§ Task directions: Take the lines from the one containing "Post: 12-11-2025 04:22" through the end of the material and write them out exactly, omitting pictures.

§ Input data:
::::

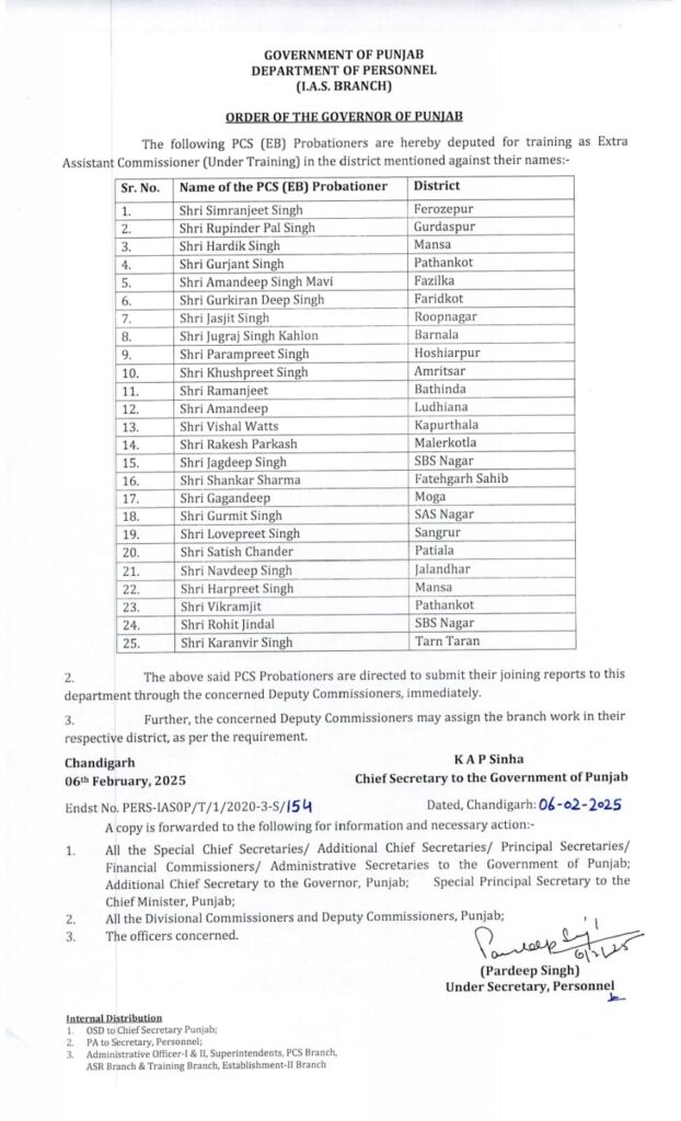 25 PCS ਅਧਿਕਾਰੀਆਂ ਨੂੰ ਤਰੱਕੀ ਤੋਂ ਬਾਅਦ ਵੱਖ ਵੱਖ ਜ਼ਿਲ੍ਹਿਆਂ ‘ਚ ਲਾਇਆ ਵਾਧੂ ਸਹਾਇਕ ਕਮਿਸ਼ਨਰ ਪੰਜਾਬ ਫਰਵਰੀ 6, 2025ਫਰਵਰੀ 6, 2025Leave a Comment on 25 PCS ਅਧਿਕਾਰੀਆਂ ਨੂੰ ਤਰੱਕੀ ਤੋਂ ਬਾਅਦ ਵੱਖ ਵੱਖ ਜ਼ਿਲ੍ਹਿਆਂ ‘ਚ ਲਾਇਆ ਵਾਧੂ ਸਹਾਇਕ ਕਮਿਸ਼ਨਰ 25 PCS ਅਧਿਕਾਰੀਆਂ ਨੂੰ ਤਰੱਕੀ ਤੋਂ ਬਾਅਦ ਵੱਖ ਵੱਖ ਜ਼ਿਲ੍ਹਿਆਂ ‘ਚ ਲਾਇਆ ਵਾਧੂ ਸਹਾਇਕ ਕਮਿਸ਼ਨਰਚੰਡੀਗੜ੍ਹ: 6 ਫਰਵਰੀ, ਦੇਸ਼ ਕਲਿੱਕ ਬਿਓਰੋਪੰਜਾਬ ਸਰਕਾਰ ਵੱਲੋਂ 25 PCS ਤਰੱਕੀ ਤੋਂ ਬਾਅਦ ਅਧਿਕਾਰੀਆਂ ਨੂੰ ਟ੍ਰੇਨਿੰਗ ਲਈ ਵੱਖ ਵੱਖ ਜ਼ਿਲ੍ਹਿਆਂ ‘ਚ ਵਾਧੂ ਸਹਾਇਕ ਕਮਿਸ਼ਨਰ ਵਜੋਂ ਨਿਯੁਕਤ ਕੀਤਾ ਗਿਆ ਹੈ।
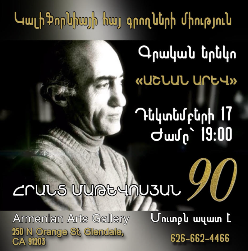 «ԱՇՆԱՆ ԱՐԵՎ» գրական երեկո՝ նվիրված Հրանտ Մաթևոսյանի 90-ամյակին - Glendale, CADate of Post: 12-11-2025 04:22
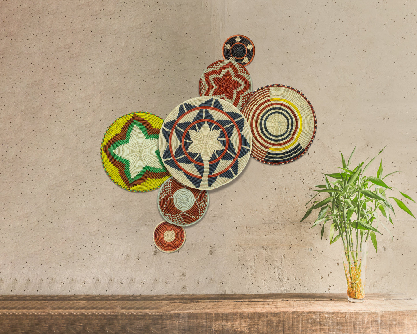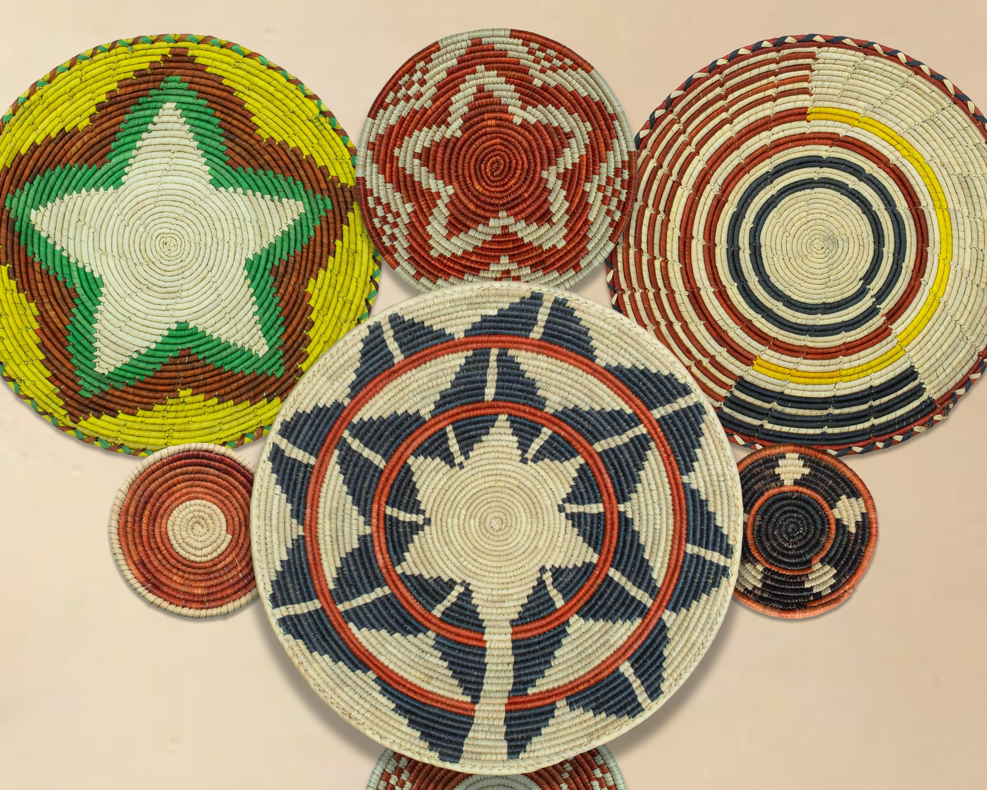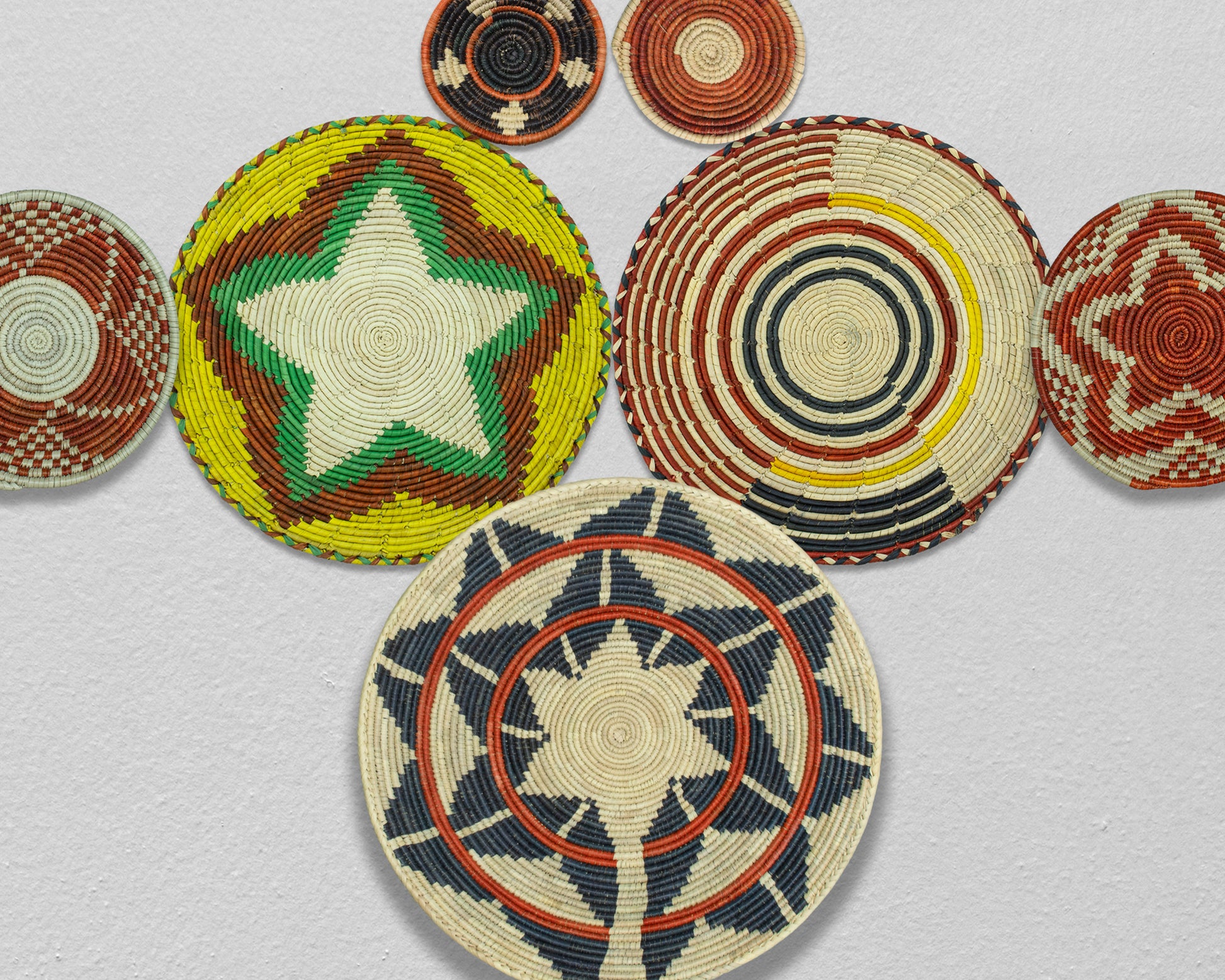 Set of 7 Handwoven wall baskets Set 321-7-N

::::

§ Finished exercise:
 «ԱՇՆԱՆ ԱՐԵՎ» գրական երեկո՝ նվիրված Հրանտ Մաթևոսյանի 90-ամյակին - Glendale, CADate of Post: 12-11-2025 04:22
 Set of 7 Handwoven wall baskets Set 321-7-N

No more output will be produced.